Walmart’s reputation took another hit this week when major media outlets pounced on a complaint filed by the National Labor Relations Board claiming the retailer illegally retaliated against workers who participated in protests at stores.
The complaint stems from incidents that occurred in the run up to the 2012 holiday season when groups affiliated with and backed by organized labor sought to disrupt activities at Walmart stores by encouraging employees to walk off the job in an action akin to a strike. Some of those who did so were fired by Walmart. Those fired viewed Walmart’s actions as retaliatory and the pro-organized labor NLRB sided with that view, claiming Walmart threatened and intimidated employees.
Walmart of course took a different view and contends it was within its rights to dismiss workers who chose to abandon a scheduled shift, regardless of the reason. At issue is whether the protests are deemed a “stike,” as organizers characterized the activity at the time. Walmart employees do not belong to a union and are not covered by a collective bargaining agreement so it is impossible for workers to go on strike. Participating in organized protests is a different matter and had the employees done so on their own time Walmart wouldn’t have been able to fire them.

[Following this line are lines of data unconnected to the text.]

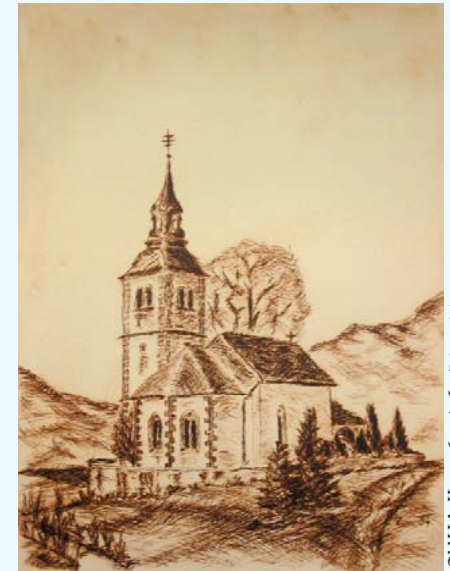
SUHA II., suha igla 30 x 21 cm
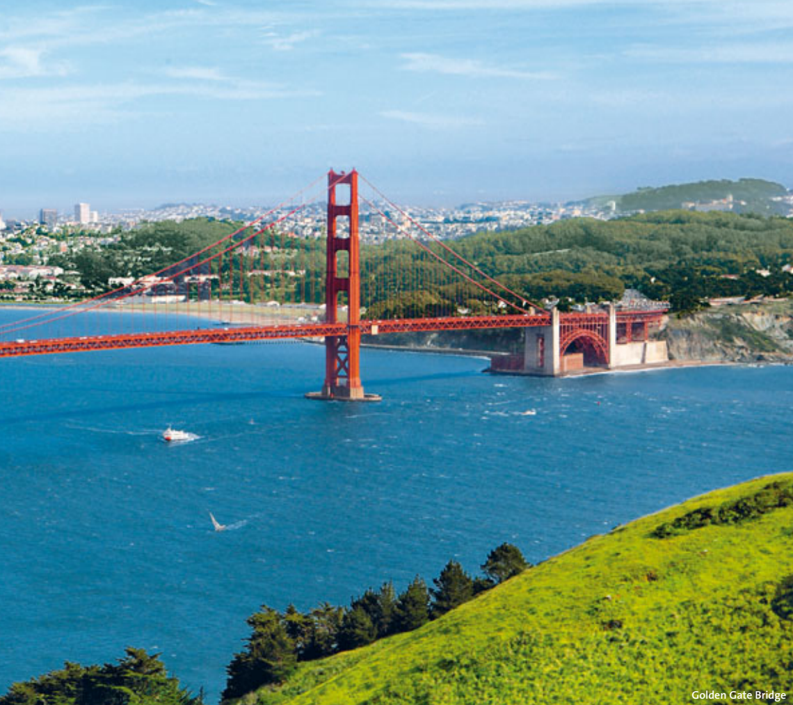
Golden Gate Bridge
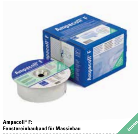
Ampacoll® F: Fenstereinbauband für Massivbau
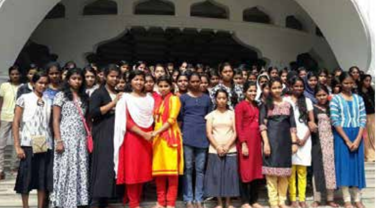
ആശ്രമം സന്ദർശിച്ച ഇരിങ്ങാലക്കുട ഗവ. ഹയർ സെക്കന്ററി സ്കൂളിലെ വിദ്യാർത്ഥികൾ സഹകരണമന്ദിരത്തിനു മുന്നിൽ
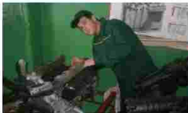
Слюсар з ремонту с/г машин та устаткування
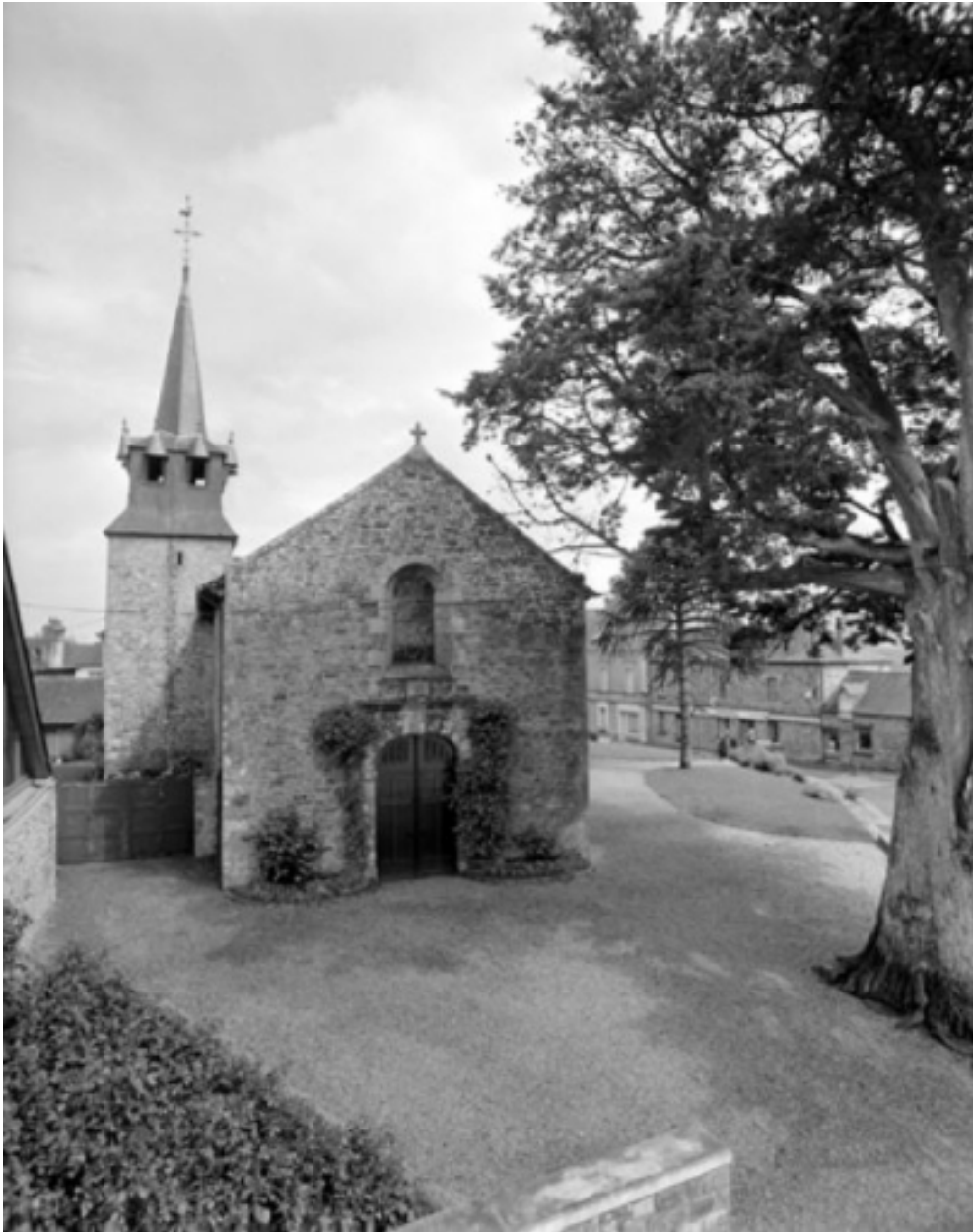
Elévation ouest : vue générale

Walmart spokeswoman Brooke Buchanan was quoted in several locations as saying the company looks forward to sharing facts of the case with an administrative law judge because it is unacceptable for an employee to come and go from work to participate in union orchestrated PR stunt.
What’s ironic about the whole affair is that the employees who find Walmart such a terrible place to work and are demanding higher wages now want their jobs back at an employer they so despise.